The second placed candidates will be awarded the mayor’s seat instead, Turkish independent news site Gazete Duvar reported on Wednesday.
The decision will affect four candidates from the pro-Kurdish Peoples’ Democratic Party (HDP). A report on Wednesday said 48 out of 70 HDP candidates who won on March 31 have still not received their official election certification.
According to the YSK’s ruling, the HDP’s candidates for the Bağlar district in the south eastern city of Diyarbakır, and Tuşba, Çaldıran and Edremit districts in Van in eastern Turkey will not receive their certification.
In Edremit, Tuşba and Çaldıran the ruling Justice and Development Party (AKP)’s candidates were runners-up and will be awarded the mayor’s positions, HaberTürk reported.
The AKP candidate was also the runner up in Bağlar, where the HDP won 70 percent of votes to the AKP’s 25.4 percent.
The candidates who are now being denied their victories by the YSK were approved to run in the elections by the same institution early in March.
The HDP’s candidate for Bağlar, Zeyyat Ceylan, was like thousands of other Turks dismissed from his teaching position by presidential decree during a two-year state of emergency implemented after the July 2016 coup attempt.

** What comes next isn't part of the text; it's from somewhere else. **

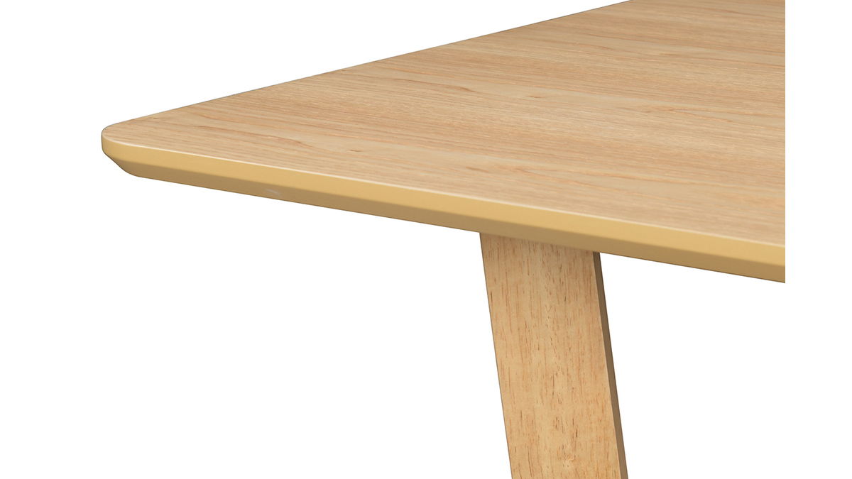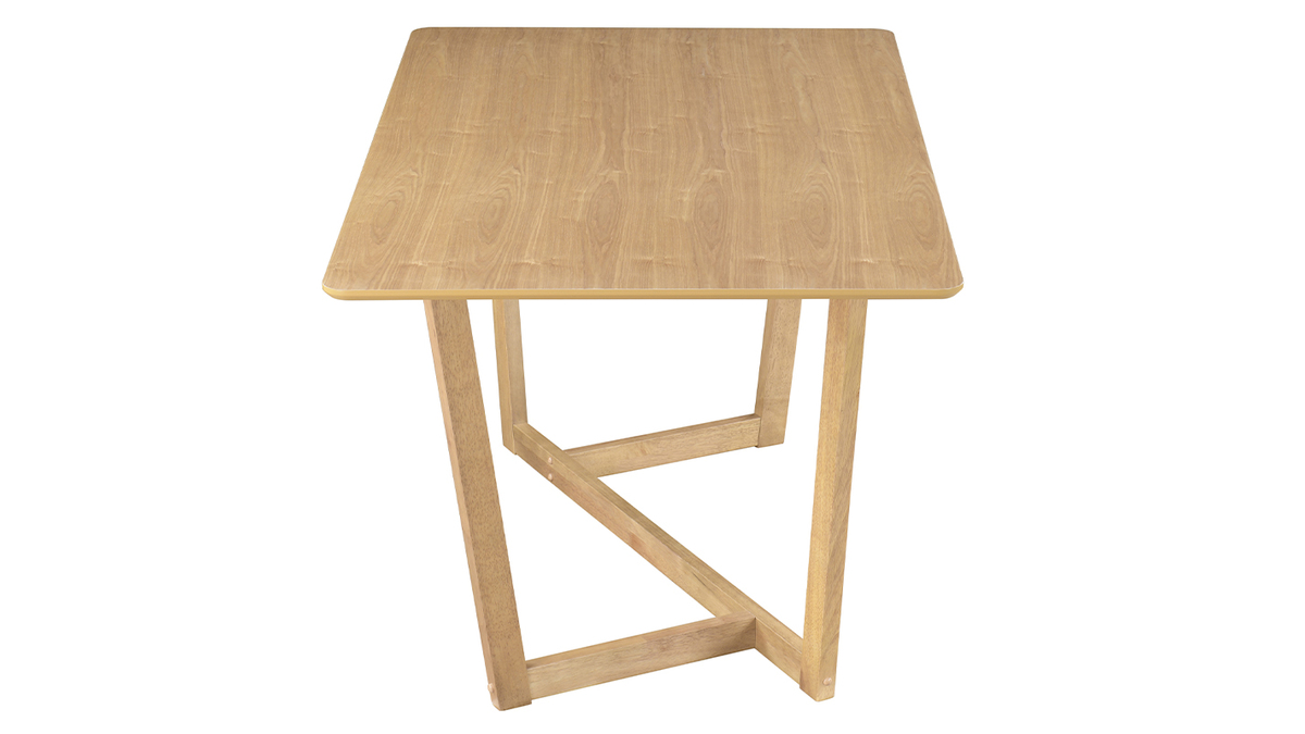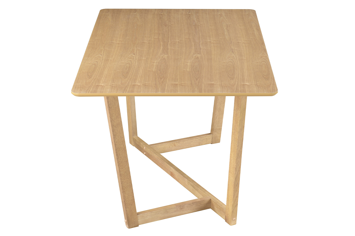 Singulière par son piètement, avec ses volumes épurés et ses lignes graphiques cette table pour 4 personnes ne manque pas de caractère. L'ensemble se pare de douceur avec un bois clair aux nervures finement apparentes. Empreinte de simplicité, cette table à l'inspiration nordique tiendra une place de choix dans une cuisine ou salle à manger à l'ambiance scandinave !

The AKP government said the thousands of public workers dismissed during the state of emergency were linked to terrorist movements. However, critics argue the ruling party used its enhanced powers to purge opposition elements.
People dismissed by decree have a mark added to their official records, making it nearly impossible to be employed in the public sector. However, the YSK allowed candidates dismissed by decree to run in the parliamentary elections last June and take office.
The HDP has been under extreme pressure since 2015, when a peace process between the AKP government and the Kurdistan Workers’ Party (PKK) broke down, leading to a return to decades of fighting between Turkish state forces and militants seeking Kurdish self-rule.
During the previous period of local administrations elected in 2014, the ruling party removed 94 HDP mayors from office and replaced HDP administrations in 98 out of the party’s 102 municipalities, accusing the HDP politicians of links to the PKK.
In the run-up to the March 31 elections, AKP leader and President of Turkey Recep Tayyip Erdoğan said he would again replace elected mayors deemed to be PKK-linked with government appointees.